Other methods could help, too, he said.
Guerra said the extreme drop off in police citations was an opportunity to experiment with using unarmed civilian ticket writers as an alternative that, in theory, could carry fewer risks of violent confrontations.
And Philadelphia has attempted for years to deploy civilian ticket writers — but has little to show for it.
An effort in 2019, passed by City Council, was opposed by the Fraternal Order of Police Lodge 5, which took the city to court to block its implementation. But while the city prevailed, the 125 staffers were rebranded as “Public Safety Enforcement Officers” and appeared to be deployed by the Streets Department to close streets for public events or roadwork.
In budget hearings this year, some top officials seemed confused about the role of these civilian officers.
Police Commissioner Kevin Bethel said he was unfamiliar with the program, saying staff had told him the officers had been assigned to help the department tow abandoned cars.
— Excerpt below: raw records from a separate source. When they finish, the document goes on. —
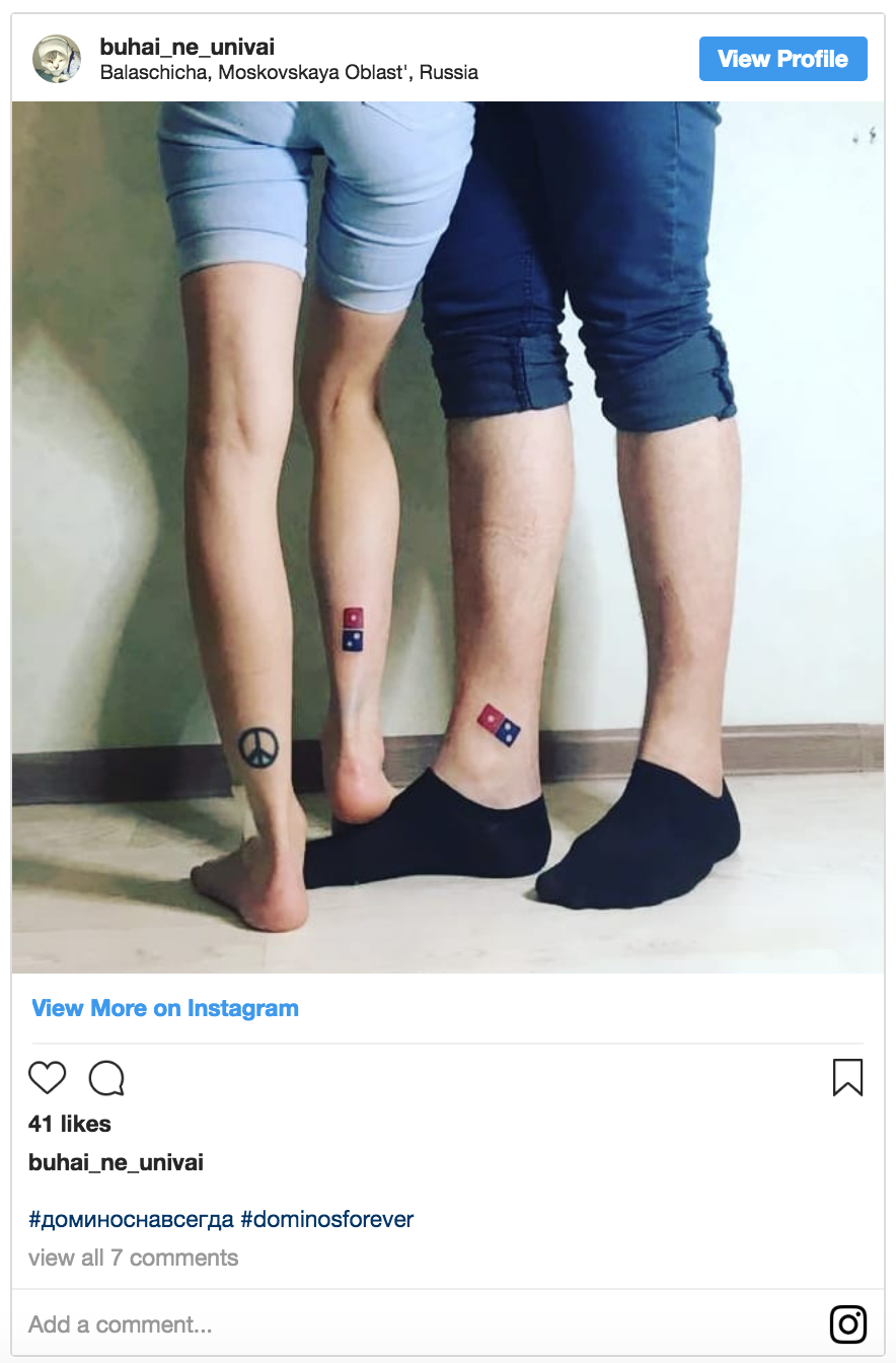 In Russia, Domino’s launched “Dominos Forever,” a campaign offering 100 free pizzas a year for 100 years to customers who inked their bodies with the brand’s logo
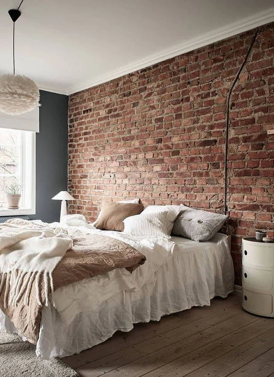 Los dormitorios con paredes de ladrillo a la vista son tendencia
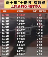 盘点最近十年,涨幅超十倍的个股有哪些,用了多久时间。 2015年-协鑫集成用了4个月 2015年-中文在线用了4个月 2015年-特力A用了5个月 2015年-暴风科用了2个月 2016年-名车汇用了8个月 2019年-东方通信用了4个月 2019年-诚迈科技用了12个月 2020年-阳光电源用了12个月 2021年-藏格矿业用了12个月 2022年-九安医疗用了2个月 2024年-双成药业用了3个月 2024年-正丹股份用了3个月 最后一个就是今年的王者,上纬新材涨幅超15倍用时只用15天时间
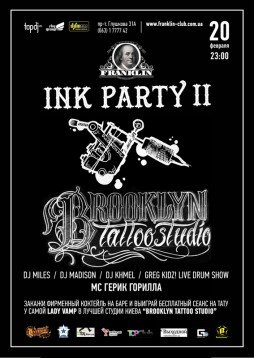 20 февраля приходи на вечеринку в клуб FRANKLIN и участвуй в розыгрыше бесплатного тату сеанса у самой LADY VAMP в лучшей студии Киева "BROOKLYN TATTOO STUDIO" остальные два победителя получат скидку в 50% на один тату сеанс.

Mike Carroll, the city’s deputy managing director for transportation and infrastructure, said the city was trying to move these officers through a workforce development program with an unclear timeline for actual deployment.
Guerra said a more long-lasting strategy would be to reengineer dangerous roadways through traffic-calming techniques, like speed cushions or lane narrowing. Arterial streets, like North Broad, that send commuters off highways like the Roosevelt Expressway and into densely populated sections of the city were dangerous, he said, because of their design.
“High speeds intersecting with lots of shops and residences means a lot of potential for crashes,” he said. “But there are going to be conflicts around reengineering streets for safety.” For example, the city’s plans to take out a lane on Washington Avenue and add a bike lane were opposed by some businesses and residents.
The Parker administration recently moved to cut $1.5 million from similar traffic-calming plans. Instead, the city will rely more on police enforcement and red light and speeding cameras, which have reduced crashes on the notoriously dangerous Roosevelt Boulevard.
Cram said he did not view different approaches as inherently in conflict.
“The traffic-calming devices, speed cushions, red light cameras, things of that nature, I think they’re all really good,” he said. “This is just another piece of that — getting people back to behavior where they understand that you gotta drive properly.”